简体   繁体   English

带掩码索引的numpy数组上的向量求和运算

[英]Vectorized sum operation on a numpy array with masked indices

I'm trying to do a vectorized sum operation using a numpy array of masked indices. 我正在尝试使用masked索引的numpy数组进行vectorized sum运算。

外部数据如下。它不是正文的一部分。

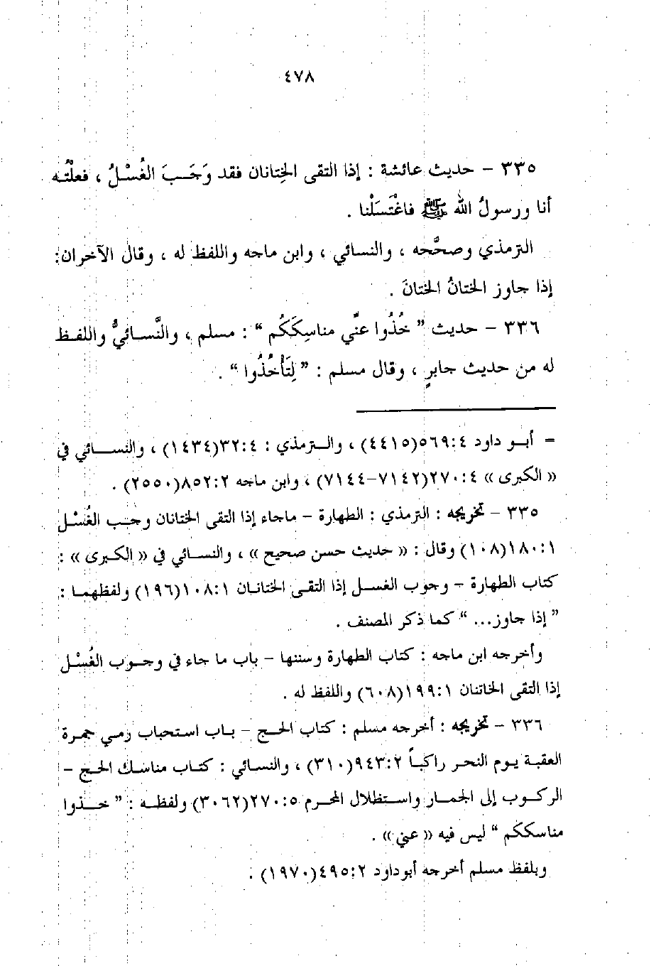 336 - تخريجه: أخرجه مسلم: كتاب الحج - باب استحباب رمي جمرة العقبة يوم النحر راكبًا 943: 2 (310)، والنسائي: كتاب مناسك الحج - الركوب إلى الجمار واستظلال المحرم 5: 270 (3062) ولفظه: "خذوا مناسككم" ليس فيه "عني".

So for example, without a mask: 因此,例如,没有面具:

import numpy as np

# data to be used in a vectorized sum operation
data = np.array([[1,0,0,0,0,0],
                 [0,1,0,0,0,0],
                 [0,0,1,0,0,0]])

# data indices i wish to sum together
idx = np.array([[0,1,2],   # sum data rows 0,1 and 2
                [2,1,1]])  # sum data rows 2,1 and 1

# without a mask this is straighforward
print np.sum(data[idx],axis=1)
#[[1 1 1 0 0 0]
# [0 2 1 0 0 0]]

Now with a mask, I can't figure out how to do it without looping over the masked index array: 现在有了一个遮罩,我不知道如何在不遍历遮罩索引数组的情况下做到这一点:

# introduce a mask
mask = np.array([[True,  True, True],  # sum data rows 0,1 and 2
                 [False, True, True]]) # sum data rows 1 and 1 (masking out idx[1,0])

summed = np.zeros((idx.shape[0],data.shape[1]),dtype='int')
for i in xrange(idx.shape[0]):
    summed[i] =  np.sum(data[idx[i][mask[i]]],axis=0)
print summed
#[[1 1 1 0 0 0]
 #[0 2 0 0 0 0]]

QUESTION

Is there a proper way to this type of operation without a loop? 有没有适当的方法可以进行这种没有循环的操作?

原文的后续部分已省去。